**What the exercise asks**
Starting at the line below that contains "Import Fashion Bohemian" and ending at the line that contains "1、規整填料 2、支撐柵板 3、液體收集器", retype each line exactly as it stands, but omit the pictures.

(Data to process)

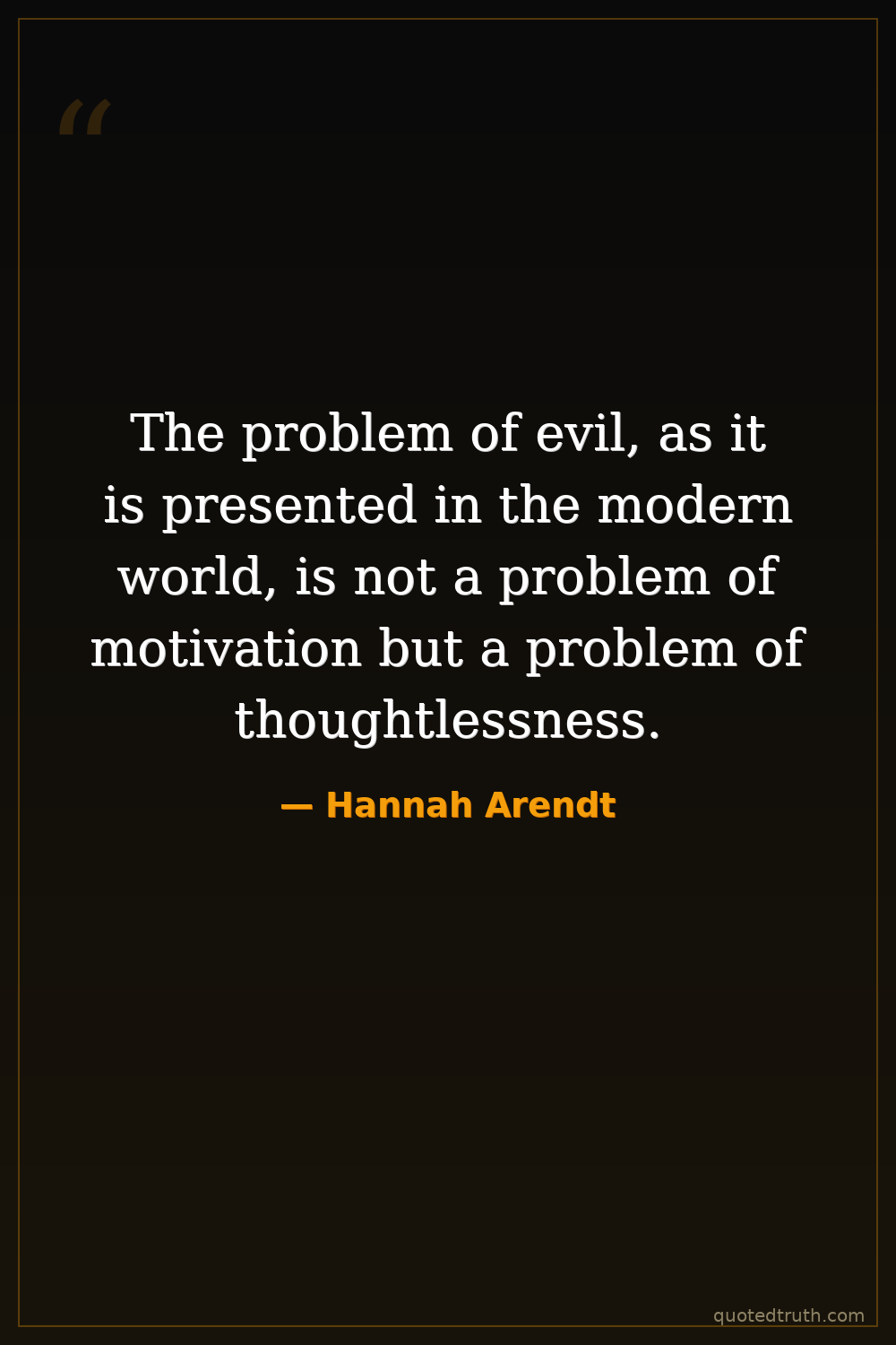 The problem of evil, as it is presented in the modern world, is not a problem of motivation but a problem of thoughtlessness.
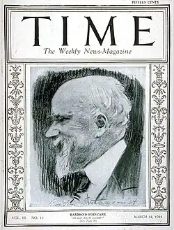 Raymond Nicolas Landry Poincaré (French: [ʁɛmɔ̃ pwɛ̃kaʁe]; 20 August 1860 – 15 October 1934) was a French statesman who served as President of France from 1913 to 1920, and three times as Prime Minister of France. He was a conservative leader, primarily committed to political and social stability.[1]
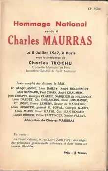 - P. Taittinger, "Il faut constituer le Front national", La Liberté, 24 janvier 1933
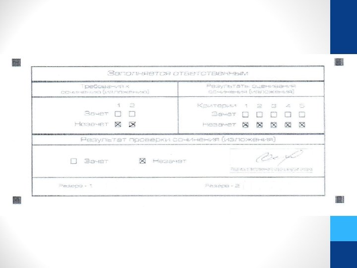 • Эксперты комиссии ОО перед осуществлением проверки по 5 критериям оценивания проверяют соблюдение 2 -х требований: «Объем сочинения (изложения)» и «Самостоятельность написания итогового сочинения (изложения)» . • Каждое сочинение (изложение) участников итогового сочинения (изложения) проверяется одним экспертом один раз. • Результаты проверки по критериям оценивания ( «зачет» / «незачет» ) вносятся в копию бланка регистрации (в случае несоблюдения участником хотя бы одного из установленных требований в копии бланка регистрации необходимо заполнить соответствующее поле «незачет» и внести оценку «незачет» по всей работе в целом). • Копии бланков участников эксперты комиссии передают руководителю ОО. • Ответственное лицо, уполномоченное руководителем ОО, переносит результаты проверки по критериям оценивания ( «зачет» / «незачет» ) из копий бланков регистрации в оригиналы бланков регистрации.
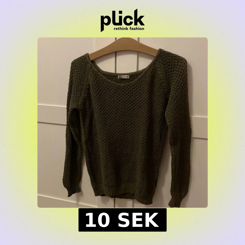 Säljer en olivgrön stickad tröja. Tröjan har långa ärmar och en rund halsringning. Sliten och kanske lite missfärgad på sidan
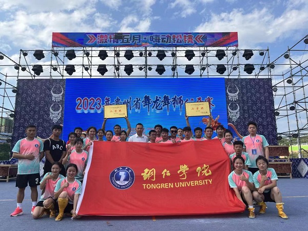 2023年5月26日-29日,2023年贵州省舞龙舞狮公开赛在铜仁市松桃县世昌广场举行,共有来自全省各地27支参赛队伍参加比赛。伟德官网舞龙队以大健康学院吴海龙老师为教练,带领来自大健康学院的24名运动员参加比赛,勇获男子传统舞龙第一名、舞龙规定第二名、竞速舞龙第三名和自选第四名;女子获舞龙规定第一名、传统舞龙第二名、自选第二和竞速舞龙第二名;男、女团体均获二等奖的优异成绩。
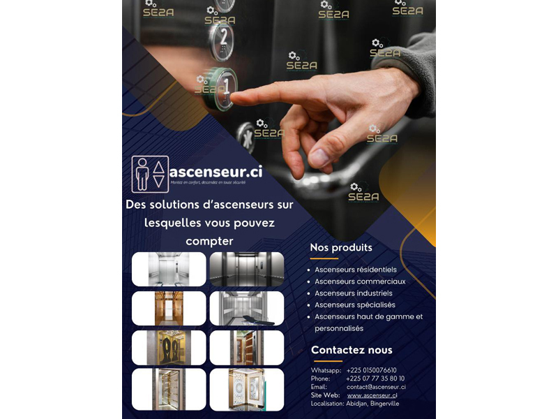 SE2A ASCENSEURS – Société d’Équipement Afrique Ascenseur est une entreprise spécialisée dans la fourniture, l’installation et la maintenance d’ascenseurs en Côte d’Ivoire.
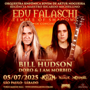No dia 5 de julho de 2025, São Paulo será palco de um dos eventos mais impactantes da história do heavy metal nacional. Entre as participações mais aguardadas está o guitarrista brasileiro Bill Hudson, conhecido internacionalmente por seu trabalho com Doro, I Am Morbid, NorthTale, Savatage e Trans Siberian Orchestra, além de sua carreira de destaque na cena do metal mundial.
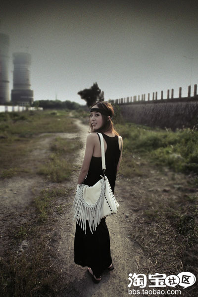 这一身配一只流苏铆钉大包包,很赞啦
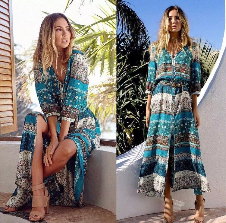 Import Fashion Bohemian Boho Hippie Vintage Native Gypsy Maxi Long Summer Beach Dress Skirt Party Evening Floral Sundress Mexican Ethnic Rompers Jumpsuit Off Shoulder Tops Vest Blouse Sleeveless
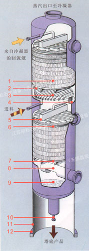 1、規整填料 2、支撐柵板 3、液體收集器 4、集液環 5、多級槽式液體分布器 6、填料壓圈 7、支撐柵板 8、蒸汽入口管 9、塔底 10、至再沸器循環管 11、裙座 12、底座環 此結構適合于直徑大于等于800mm的填料塔。 |
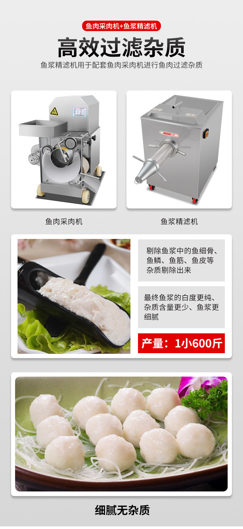 SZJ-300魚漿精濾機(jī),商用創(chuàng)業(yè)魚漿精濾機(jī),用于配套魚肉采肉機(jī)進(jìn)行魚肉過濾雜質(zhì)。節(jié)省人工開支,人工加工魚漿,效率慢剔除魚細(xì)骨,不干凈,有了魚漿精濾機(jī),一人就可以很快制作多種魚漿。
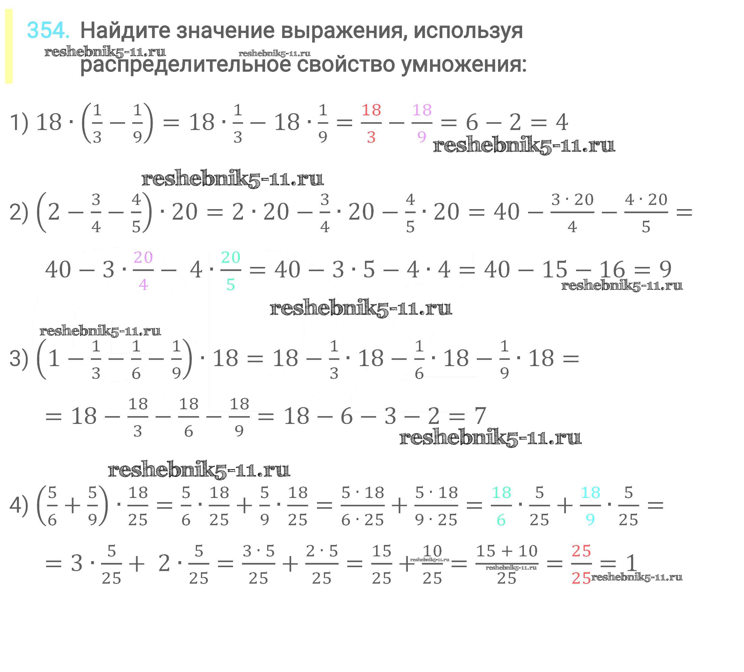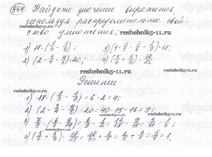 Готовая домашняя работа с ответами по Математике за 6 класс Мерзляк, Полонский, Якир Учебник Алгоритм успеха Вентана-граф 2016 ФГОС - Глава 2. Обыкновенные дроби (упражнения) 354
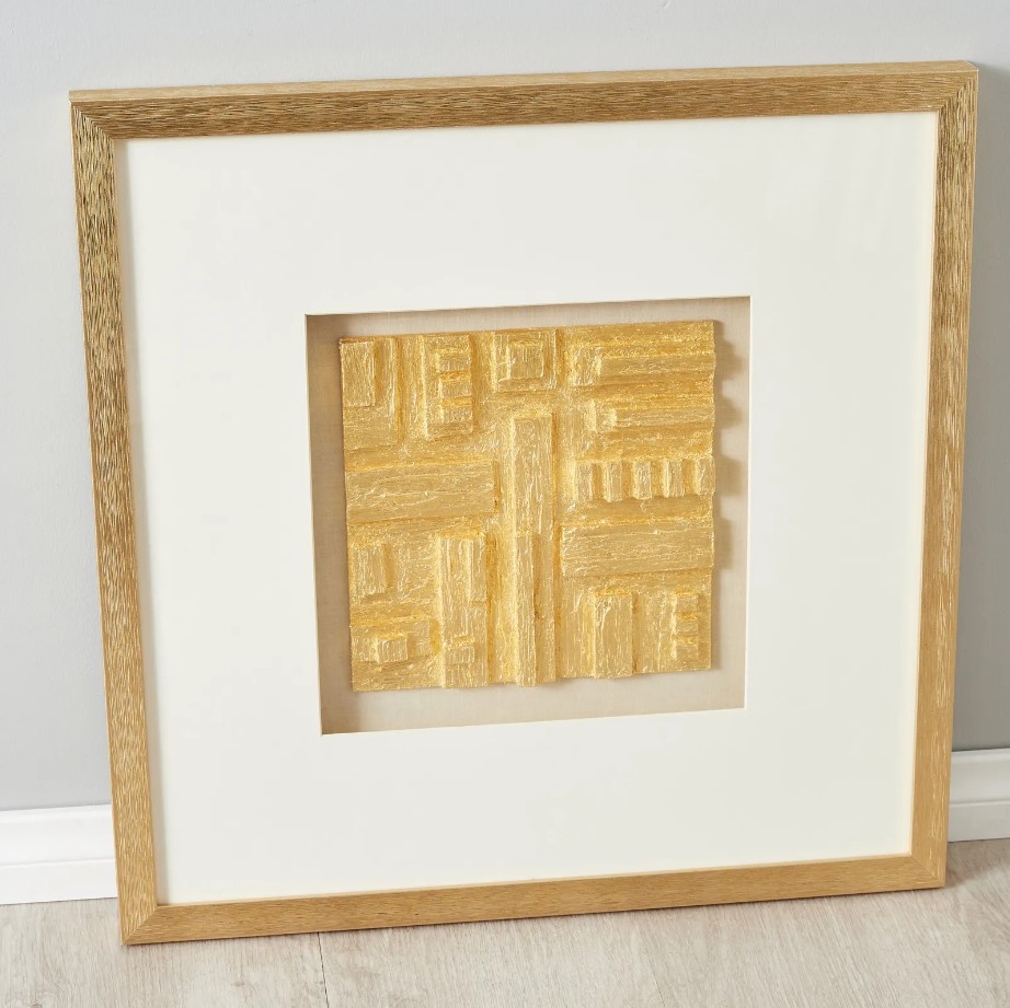 The Ophir Shadow Box with Golden Frame is a luxurious and intricately designed artwork that marries the elegance of gold with the textured depth of linen and papercards. This stunning piece is a testament to the art of layering and texture, creating a visual spectacle that demands attention and admiration.
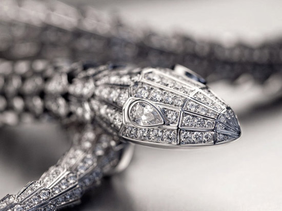Serpenti系列顶级珠宝项链的制作技艺与BVLGARI宝格丽传统珠宝系列一脉相承,均采用贵金属结构,以失蜡法手工铸造。项链的精致蛇头由技艺精湛的BVLGARI宝格丽珠宝制作师饰以密镶钻。
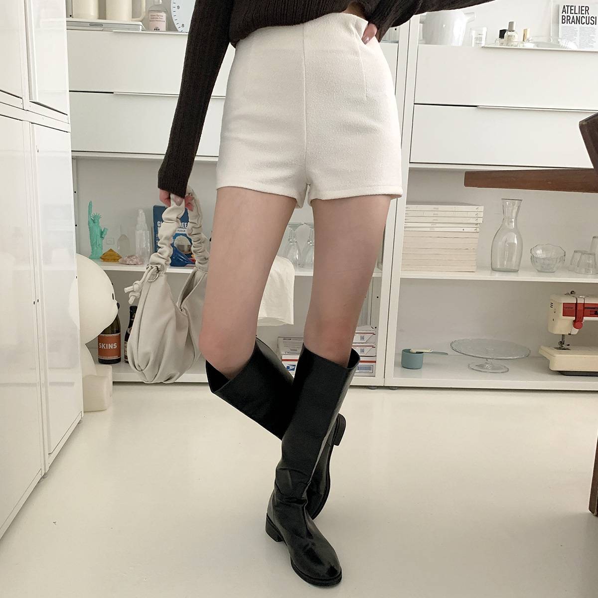 부클 딱붙는 슬림핏 3부 숏팬츠 화이트 반바지
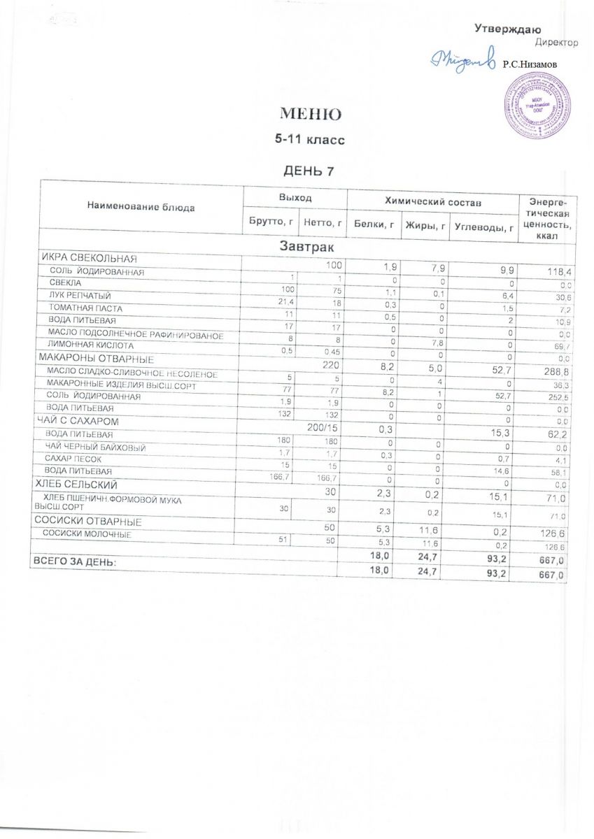 12 дневное меню 5-9классов
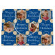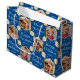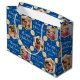 Faites vos cadeaux de vacances extra spécial avec un sac cadeau photo personnalisé! Ce modèle modifiable est personnalisé avec quatre de vos photos préférées, et le nom du récipiendaire, votre nom de famille, ou l'année des fêtes. il comprend des cadres d'images hexagonales, mis contre un arrière - plan festif de flocons de neige et d'étoiles, ainsi que la phrase "Joyeuses fêtes". Un design élégant alliant typographie traditionnelle et design géométrique classique. Parfait pour les photos d'enfants, de famille, d'amis et d'animaux de compagnie ! Un sac cadeau tout-en-un motif, disponible avec un fini mat ou brillant. Couleurs imprimées : bleu, blanc et or.

(End Data to process)

**Finished exercise**
 Import Fashion Bohemian Boho Hippie Vintage Native Gypsy Maxi Long Summer Beach Dress Skirt Party Evening Floral Sundress Mexican Ethnic Rompers Jumpsuit Off Shoulder Tops Vest Blouse Sleeveless
 1、規整填料 2、支撐柵板 3、液體收集器 4、集液環 5、多級槽式液體分布器 6、填料壓圈 7、支撐柵板 8、蒸汽入口管 9、塔底 10、至再沸器循環管 11、裙座 12、底座環 此結構適合于直徑大于等于800mm的填料塔。 |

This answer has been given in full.